_Source data_.

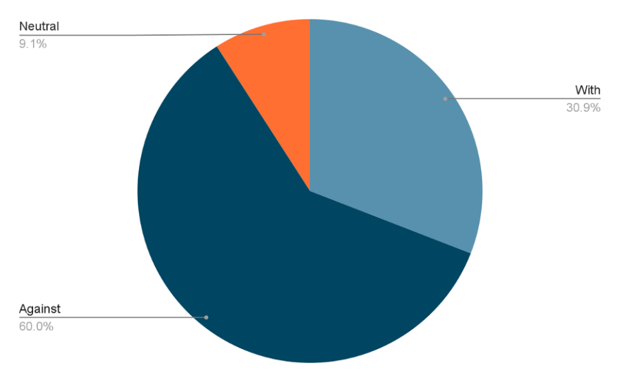 Out of 165 analyzed accounts, 60% (99) were against the narrative which portrayed the TV station as a victim of violation, while 30.9% (51) posted comments that condemned the actions of FPM supporters; most of which also expressed sympathy and support towards the TV station. And 9.1% (15) were neutral.
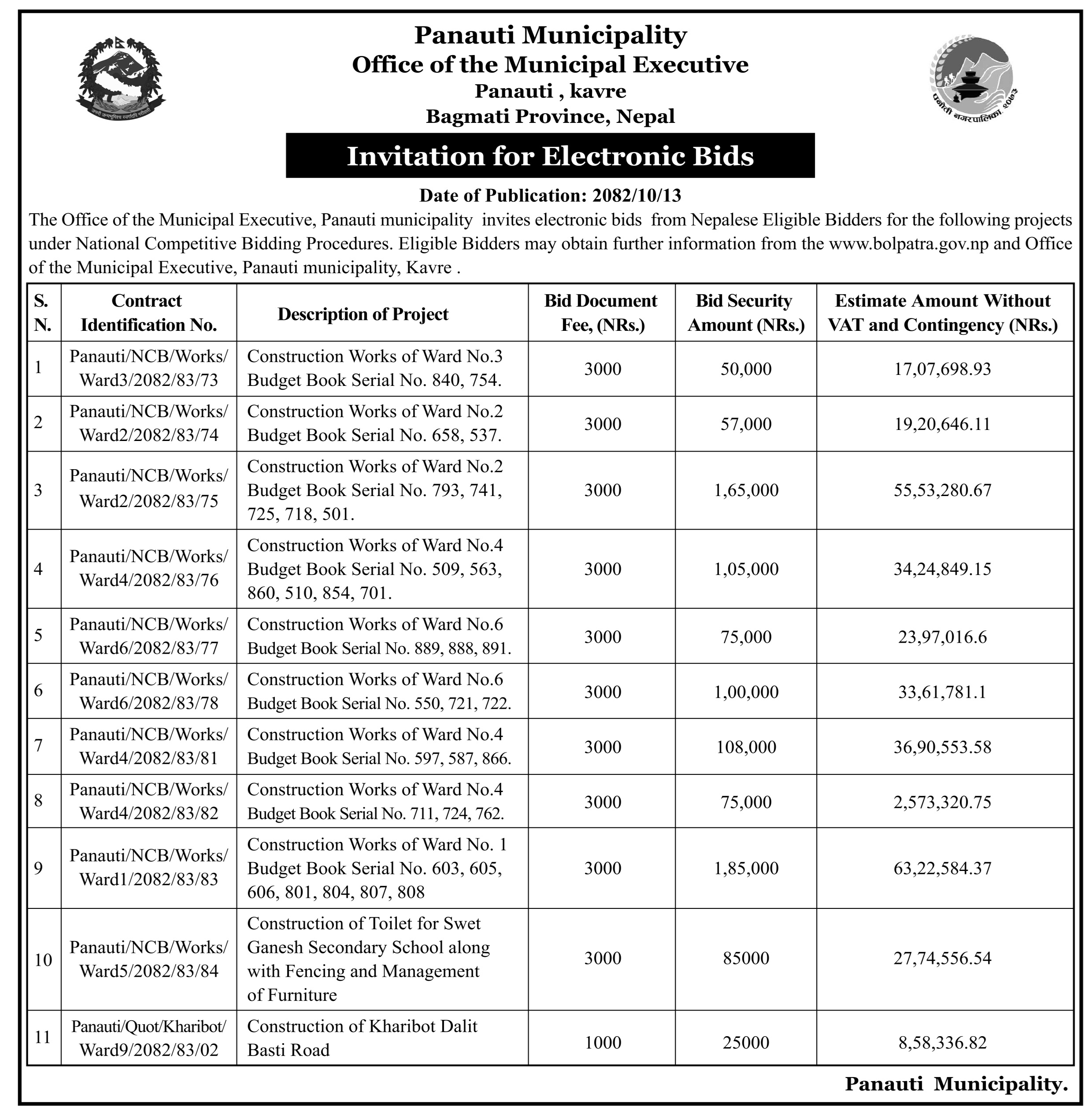 मिति २०८२/१०/१३ गते नेपाल समाचारपत्रमा प्रकाशित बोलपत्र आह्वान सम्बन्धी सूचना
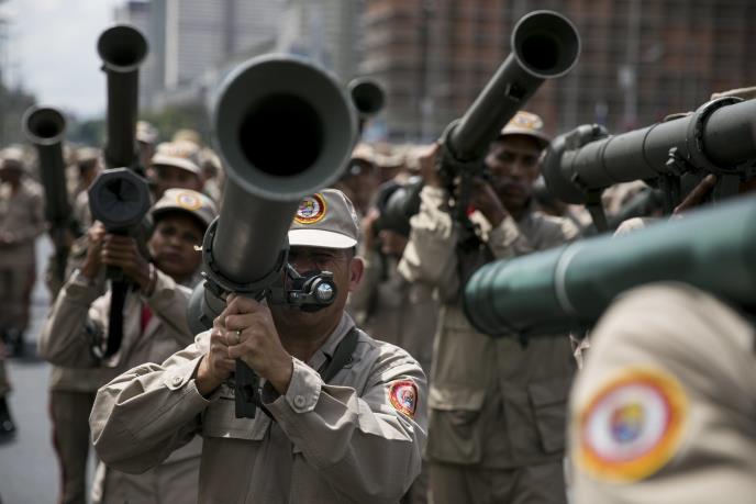 U Karakasu u kome su snage reda i policije defilovale u subotu, pristalice vlade odeveni u crveno oprobali su se u rukovanju puškom ili borbenim tehnikama u okviru "protivimperijalističkog marša".
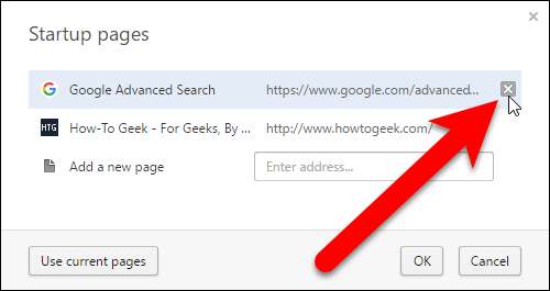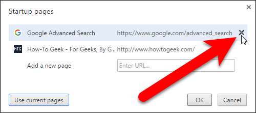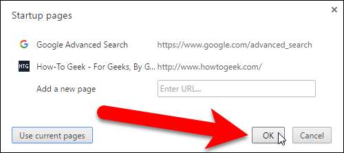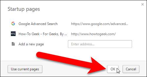 Todas as páginas da web abertas atualmente nas guias do navegador (exceto a guia Configurações) são listadas na caixa de diálogo Páginas de inicialização. Se você deseja adicionar outra página da web que não está aberta no momento, digite o URL dessa página na caixa "Adicionar uma nova página" e pressione Enter. Clique em “OK” assim que tiver sua lista de páginas da web.
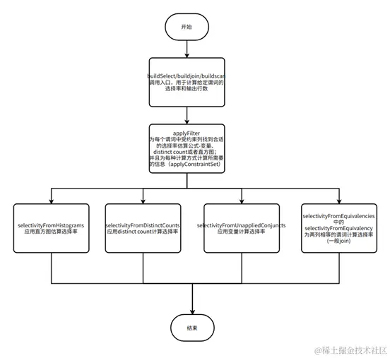 主要流程:当一个过滤条件输入进来时,根据其谓词表达式判断对应的列适用于哪些过滤率的计算方式,然后根据收集到的统计信息与计算方式相结合,得到最终的过滤率。
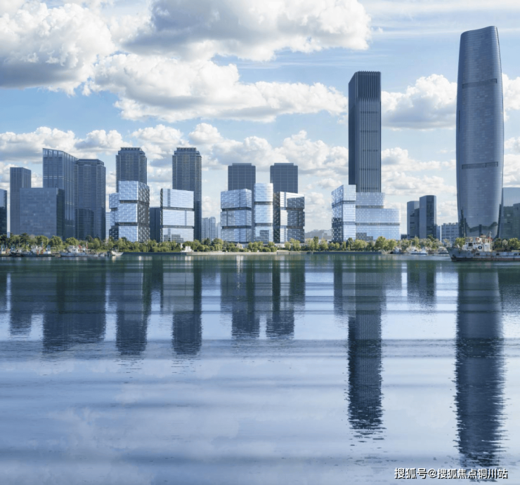 由C1、C2和C3地块组成的建筑群,如八面水晶屏风依江错落展开。外立面建筑造型灵感,从宋代马远《十二水图》中的《长江万顷》汲取灵感。建筑团队将水墨画中江流的动态走势、虚实节奏与留白意境,转化为立体的建筑语言。
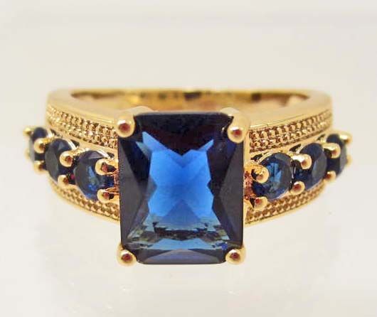 18K GOLD FILLED BLUE SAPPHIRE RING - SIZE 7
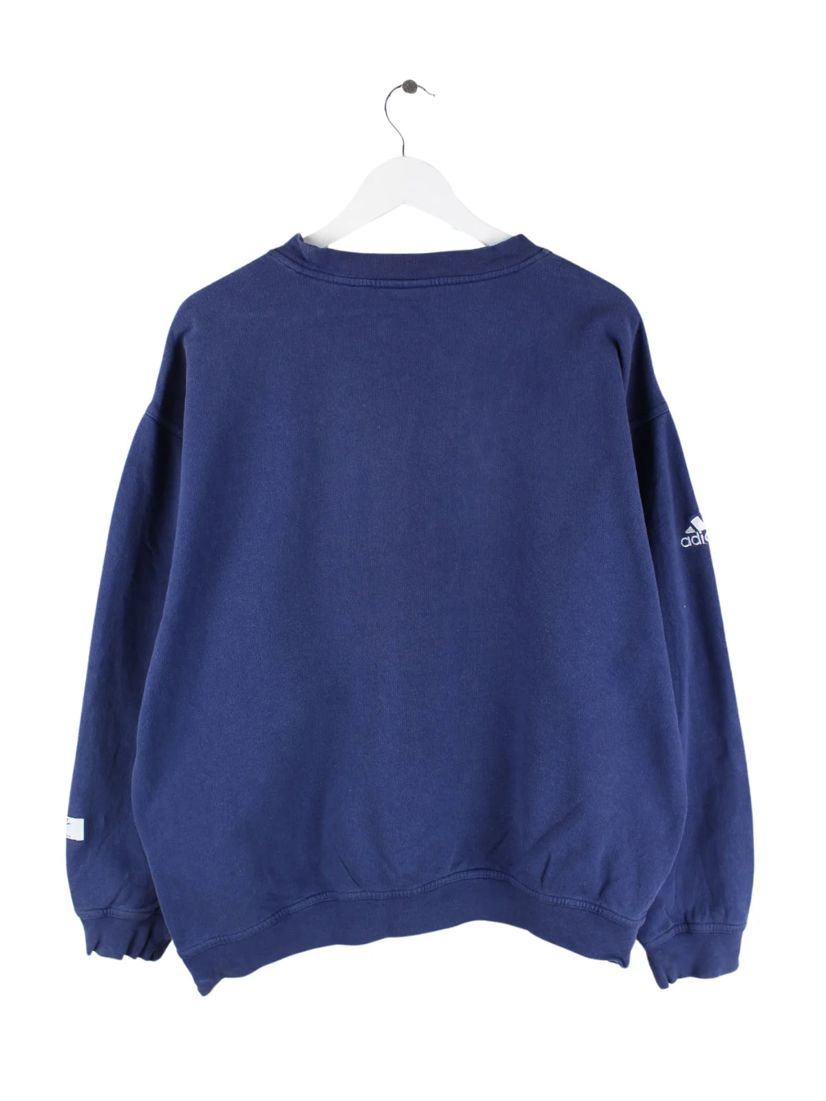 Blauer Sweater vom Label Adidas in Größe L. Er ist aus einer Baumwollmischung produziert und in gutem Zustand bei uns zu bekommen.
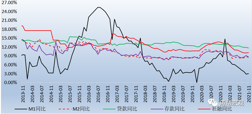 2、今年11月當月,M1同比增速達到3%,環(huán)比上升0.20個百分點,這是自今年2月以來M1同比增速首次出現環(huán)比上升,這表明企業(yè)的資金面實際上是相對充裕的。
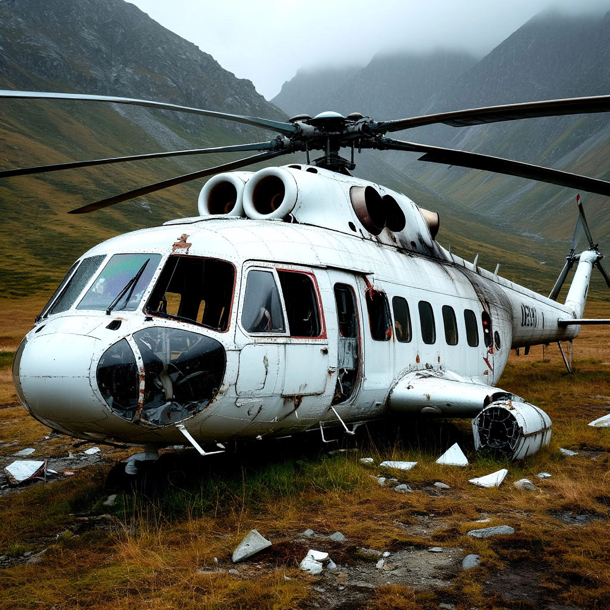 Больше никакой информации о той катастрофе нет. Вернее не было, до вчерашнего дня. Когда с утра мне позвонил один мой знакомый друг ©, горный гид, и попросил о встрече. Сказав, что у него есть очень странные сведения и пропавшем вертолете. Вместо сведений, он принес мне фотографии. Белый Ми-8, с разбитыми лопастями и помятым фюзеляжем, лежит, накренившись на бок и хорошо виден, так как снят с близкого расстояния. Изображение посечено мелкими косыми полосками дождя. Нет никаких сомнений в том, что это он. Я сверил бортовой номер, четко отпечатанный и попавший в кадр, со сводкой происшествий.
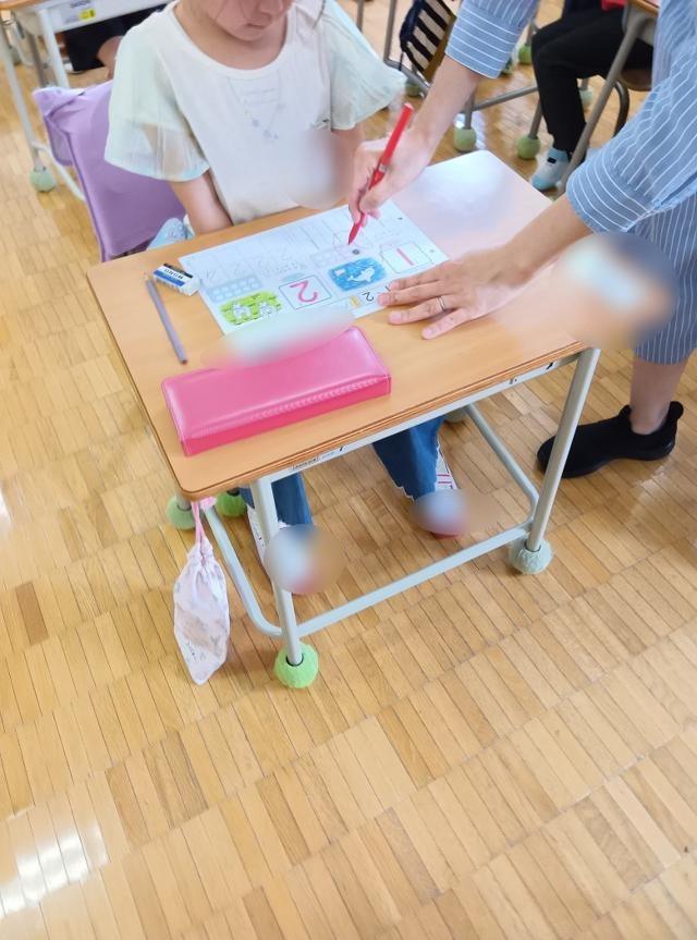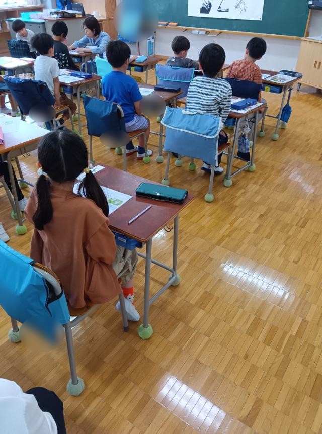 という先生の声かけで、ぴっと背筋が伸びました。順に二重丸、花丸をもらっていました。良い姿勢でそろって座っている姿、すてきでした。
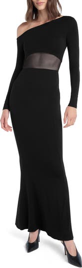A mesh panel at the midriff amplifies the modern allure of this stunning long-sleeve dress complete with an asymmetric neckline.

_What the exercise asks_. Copy word for word each line of the data above, from the first through the one containing "Blauer Sweater vom", and include no pictures.

_Result for this exercise_.
 Out of 165 analyzed accounts, 60% (99) were against the narrative which portrayed the TV station as a victim of violation, while 30.9% (51) posted comments that condemned the actions of FPM supporters; most of which also expressed sympathy and support towards the TV station. And 9.1% (15) were neutral.
 मिति २०८२/१०/१३ गते नेपाल समाचारपत्रमा प्रकाशित बोलपत्र आह्वान सम्बन्धी सूचना
 U Karakasu u kome su snage reda i policije defilovale u subotu, pristalice vlade odeveni u crveno oprobali su se u rukovanju puškom ili borbenim tehnikama u okviru "protivimperijalističkog marša".
 Todas as páginas da web abertas atualmente nas guias do navegador (exceto a guia Configurações) são listadas na caixa de diálogo Páginas de inicialização. Se você deseja adicionar outra página da web que não está aberta no momento, digite o URL dessa página na caixa "Adicionar uma nova página" e pressione Enter. Clique em “OK” assim que tiver sua lista de páginas da web.
 主要流程:当一个过滤条件输入进来时,根据其谓词表达式判断对应的列适用于哪些过滤率的计算方式,然后根据收集到的统计信息与计算方式相结合,得到最终的过滤率。
 由C1、C2和C3地块组成的建筑群,如八面水晶屏风依江错落展开。外立面建筑造型灵感,从宋代马远《十二水图》中的《长江万顷》汲取灵感。建筑团队将水墨画中江流的动态走势、虚实节奏与留白意境,转化为立体的建筑语言。
 18K GOLD FILLED BLUE SAPPHIRE RING - SIZE 7
 Blauer Sweater vom Label Adidas in Größe L. Er ist aus einer Baumwollmischung produziert und in gutem Zustand bei uns zu bekommen.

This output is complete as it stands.